Aos olhos do grisalho oficial, trazer uma cópia do prontuário do caso para satisfazer a curiosidade de Sherlock parecia uma boa desculpa para distraí-lo - entenda-se fazer o garoto gritar um pouco menos - durante uma revista daquele muquifo não muito maior nem mais organizado que a penúltima moradia do sr. Concannon, o protagonista do primeiro caso daquele dia. Não que ele precisasse de uma desculpa para qualquer das visitas randômicas que fazia ao endereço do parceiro civil para certificar-se que ele não tornara a cair no vício.



Depois de tocar a campainha inúmeras vezes, sem ser respondido pelos usuais "Vá embora!!" ou "Cale a boca!!", e bater na porta frágil que precisava ser trocada há um bom tempo até quase derrubá-la, o oficial entrou, decepcionado com a ignorância do jovem ao seu conselho de trancar a porta, e intrigado, por poucos segundos, com o seu paradeiro, até encontrá-lo como menos queria.



Mais pálido que de costume, trêmulo e imundo, ainda com a seringa fincada no braço esquerdo, os lábios finos abertos, incapazes de respiração, e na expressão perdida e vazia, os mesmos olhos apavorados e dilatados da cena do crime.



O mesmo desespero com que os entes queridos rezavam, na capela do hospital, quando alguém de sua equipe se feria gravemente no cumprimento do dever. O mesmo horror de quando encontrou seu primeiro parceiro morto, em casa, exatamente naquela mesma situação. A mesma sensação pesada e sufocante de culpa.



Como pôde deixar aquilo acontecer pela segunda vez?! Como pôde deixar todos os sinais passarem despercebidos?!



Não podia se deixar levar por ela.
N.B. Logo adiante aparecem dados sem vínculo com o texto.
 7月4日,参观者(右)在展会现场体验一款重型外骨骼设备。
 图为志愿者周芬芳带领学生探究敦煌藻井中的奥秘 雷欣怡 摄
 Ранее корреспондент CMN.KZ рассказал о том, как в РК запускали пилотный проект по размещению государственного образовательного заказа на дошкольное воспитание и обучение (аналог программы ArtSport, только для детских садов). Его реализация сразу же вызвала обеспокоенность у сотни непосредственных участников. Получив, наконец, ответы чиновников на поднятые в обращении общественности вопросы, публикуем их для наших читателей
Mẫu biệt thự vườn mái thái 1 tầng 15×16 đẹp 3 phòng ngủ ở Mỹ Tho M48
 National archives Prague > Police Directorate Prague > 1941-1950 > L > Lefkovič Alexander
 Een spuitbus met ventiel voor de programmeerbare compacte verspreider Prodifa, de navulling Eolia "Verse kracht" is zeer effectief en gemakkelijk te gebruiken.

Não podia deixar que aquele menino fosse morto pelo veneno que o escravizava até há pouco tempo, pelo parasita que matou seu amigo, que lhe havia ensinado tudo o que sabia sobre o ofício do detetive.



Tudo que Lestrade conseguiu fazer, antes de chorar, foi pegar o celular no bolso e chamar uma ambulância.
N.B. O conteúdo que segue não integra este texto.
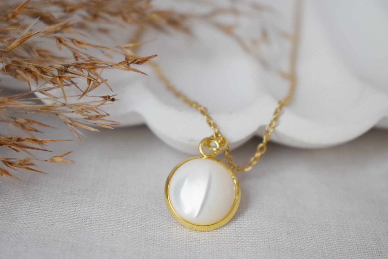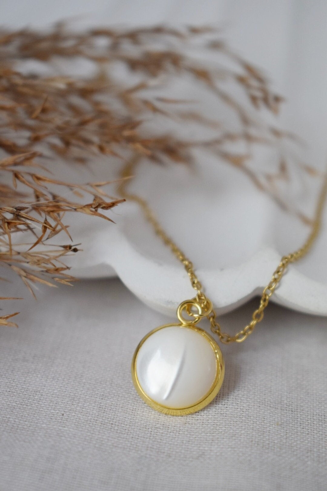 Mother of pearl shell necklace, Gold plated stainless steel round pendant, Minimalist jewelry
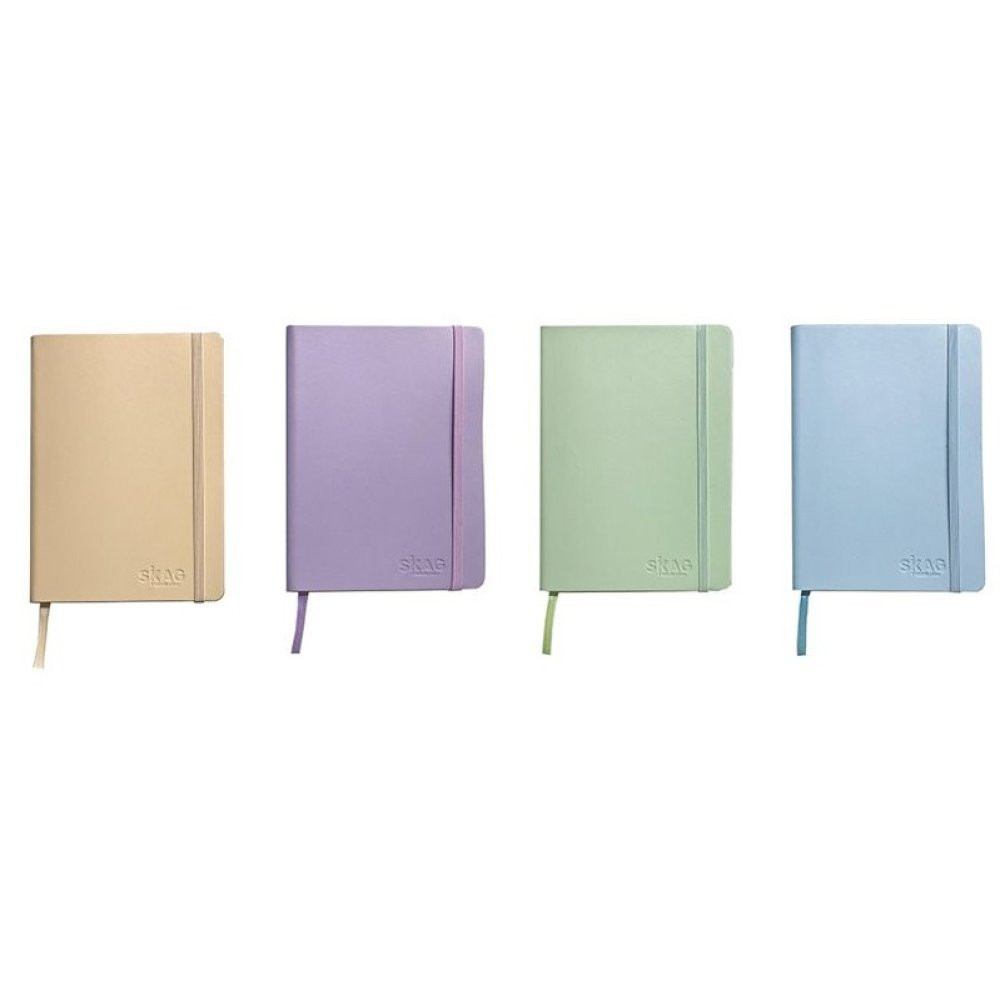 Μια όμορφη συλλογή από σημειωματάρια σε διάφορα χρώματα. Κάθε σημειωματάριο διαθέτει σκληρό εξώφυλλο με λεία, δερματίνη υφή, ελαστικό λουράκι κλεισίματος στο πλάι, και σελιδοδείκτη κορδέλα στο κάτω μέρος. Στην κάτω δεξιά πλευρά κάθε εξωφύλλου είναι τυπωμένο το λογότυπο SKAG, που υποδεικνύει ότι πρόκειται για προϊόν της γνωστής ελληνικής εταιρείας ειδών γραφικής ύλης.
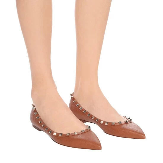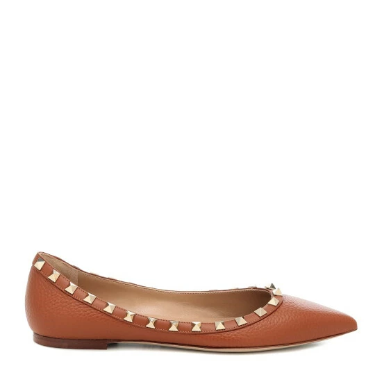 We love how Valentino Garavani’s Rockstud ballet flats are equal parts elegant and edgy. Crafted in Italy from grained calf leather in timeless tan, this pointed pair is punctuated by the house’s signature pyramidal studs in gleaming golden hardware. Wear yours from day to night with everything from indigo denim to printed dresses.
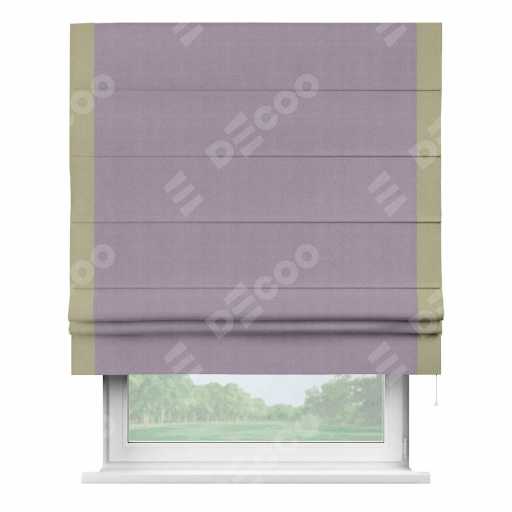 Римская штора «Кортин» с кантом Стрим Дуо, для проема, ткань блэкаут однотонный светло-сиреневый
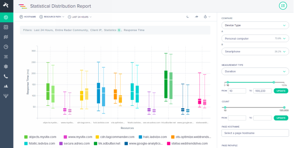 Impact va désormais être capable de bénéficier de ces avancées dans la mesure Radar pour corréler les mesures liées aux ressources à la performance des CDN, clouds et datacenters. Pour chaque objet de la page, il sera ainsi possible de voir le temps de chargement et de filtrer ces rapports par appareil, navigateur, plateforme de diffusion, etc.
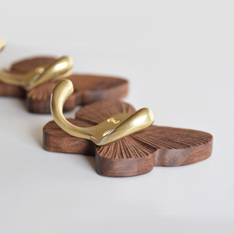 Solid wood porch hook into creative butterfly walnut real copper sticky hook coat hook after home door clothes hook
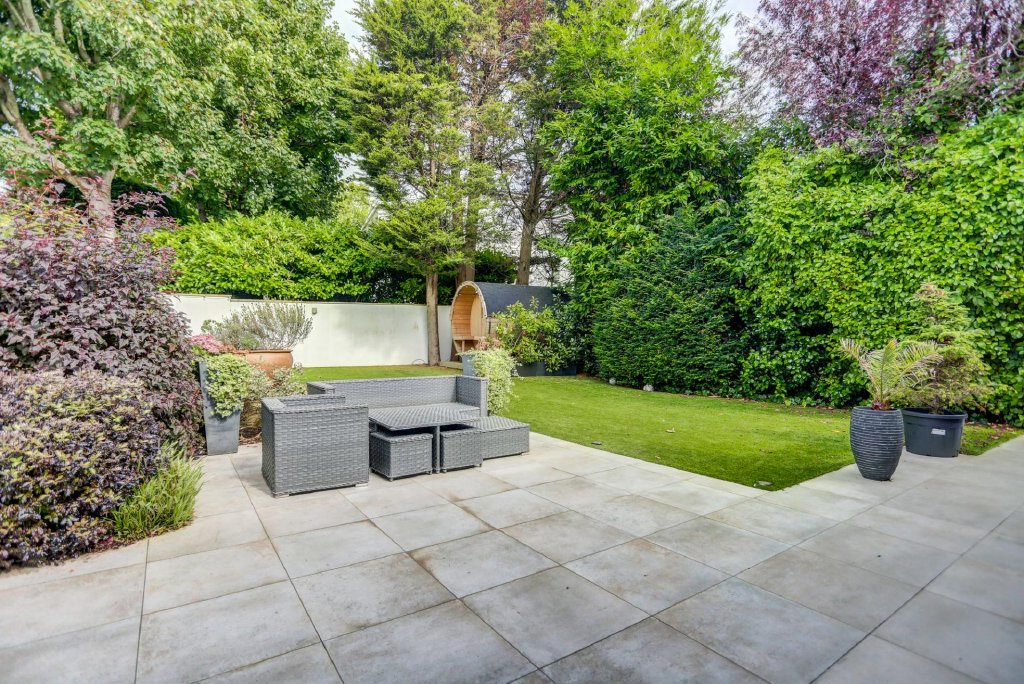 Engendering an easy flowing extension of the open plan ground floor, the grey porcelain tiles of the first-rate kitchen/dining room flow out onto the landscaped terrace seamlessly adding to its formidable footprint. A picture perfect place to relax in the sun and enjoy outdoor meals with family and friends, this idyllic walled garden benefits from plenty of privacy.
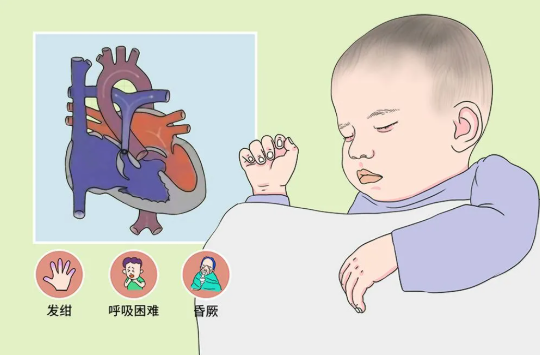 ②呼吸困难和缺氧性发作:多在出生后6个月开始出现,由于组织缺氧、活动耐力较差、动则呼吸急促,严重者可出现缺氧性发作、意识丧失或抽搐。
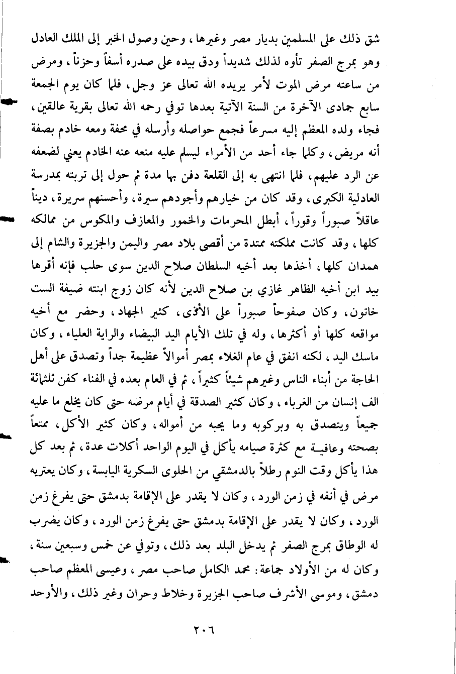 شق ذلك على المسلمين بديار مصر وغيرها وحين وصول الخبر إلى الملك العادل وهو بمرج الصفر تأوة لذلك شديدا ودق بيده على صدره أسفا وحزنا ومرض من ساعته مرض الموت لأمر يريده الله تعالى عز وجل فلما كان يوم الجمعة سابع جمادى الآخرة من السنة الآتية بعدها توفي رحمه الله تعالى بقرية عالقين فجاء ولده المعظم إليه مسرعا فجمع حواصله وأرسله في محفة ومعه خادم بصفة أنه مريض وكلما جاء أحد من الأمراء ليسلم عليه منعه عنه الخادم يعني لضعفه عن الرد عليهم فلما انتهى. به إلى القلعة دفن بها مدة ثم حول إلى تربته بمدرسة العادلية الكبرى وقد كان من خيارهم وأجودهم سيرة وأحسنهم سريرة دينا عاقلا صبورا وقورا أبطل المحرمات والخمور والمعازف والمكوس من ممالكه كلها وقد كانت مملكته ممتدة من أقصى بلاد مصر واليمن والجزيرة والشام إلى همدان كلها أخذها بعد أخيه السلطان صلاح الدين سوى حلب فإنه أقرها بيد ابن أخيه الظاهر غازي بن صلاح الدين لأنه كان زوج ابنته ضيفة الست خاتون وكان صفوحا صبورا على الأذى كثير الجهاد وحضر مع أخيه مواقعه كلها أو أكثرها وله في تلك الأيام اليد البيضاء والراية العلياء وكان ماسك اليد لكنه أنفق في عام الغلاء بمصر أموالا عظيمة جدا وتصدق على أهل الحاجة من أبناء الناس وغيرهم شيئا كثيرا ثم في العام بعده في الفناء كفن ثلثمائة ألف إنسان من الغرباء وكان كثير الصدقة في أيام مرضه حتى كان يخلع ما عليه جميعا ويتصدق به وبركوبه وما يحبه من أومواله وكان كثير الأكل ممتعا بصحته وعافيه مع كثير صيامه يأكل في اليوم الواحد أكلات عدة ثم بعد كل هذا ياكل وقت النوم رطلا بالدمشقي من الحلوى السكرية اليابسة وكان يعتريه مرض في أنفه في زمن الورد وكان لأي قدر على الإقامة بدمشق حتى يفرغ زمن الورد وكان لأي قدر على الإقامة بدمشق حتى يفرغ زمن الورد وكان يضرب له الوطاق بمرج الصفر ثم يدخل البلد بعد ذلك وتوفي عن خمس وسبعين سنة وكان له من الأولاد جماعة محمد الكامل صاحب مصر وعيسى المعظم صاحب دمشق وموسى الأشرف صاحب الجزيرة وخلاط وحران وغير ذلك والأوحد

Os minutos passavam como séculos enquanto o veículo de socorro chegava ao hospital St. Bartholomew, e as teclas do celular pareciam ainda menores e totalmente embaralhadas à sua visão úmida e embargada. Mas após apenas dois toques, a ligação chegava ao destino, atendida por uma voz clara, aristocrática e elegante.



Mycroft Holmes.



Em outras circunstâncias, Greg teria vergonha de ligar para aquela pessoa. Lutaria contra o desejo e a sensação de nostalgia, que lhe lembrava a paixão com que acompanhava sua grandmère, durante a infância, na audição dos dramas e novelas narrados pelas vozes pacíficas, elegantes, quase irreais de tão encantadoras, dos artistas da era de ouro do rádio. Teria vergonha do impulso reprimido de implorar àquela voz eloquente e aveludada, que não se comparava a nenhuma das que ouvira em toda sua vida, que lhe falasse sem parar, por horas a fio.



Mas tudo que ele conseguiu dizer foi:



– Sr. Holmes, preciso que esteja em Barts, o mais rápido possível. Seu irmão acabou de ter uma overdose.



Do outro lado da cidade, em seu escritório em Vauxhall, totalmente sufocado pelo frio aperto de morte do pesadelo que iniciou seu dia, Mycroft teve forças apenas para desligar subitamente o celular e trancar a porta, antes que suas costas desabassem de encontro à parede e ele caísse sentado no chão, chorando amargamente.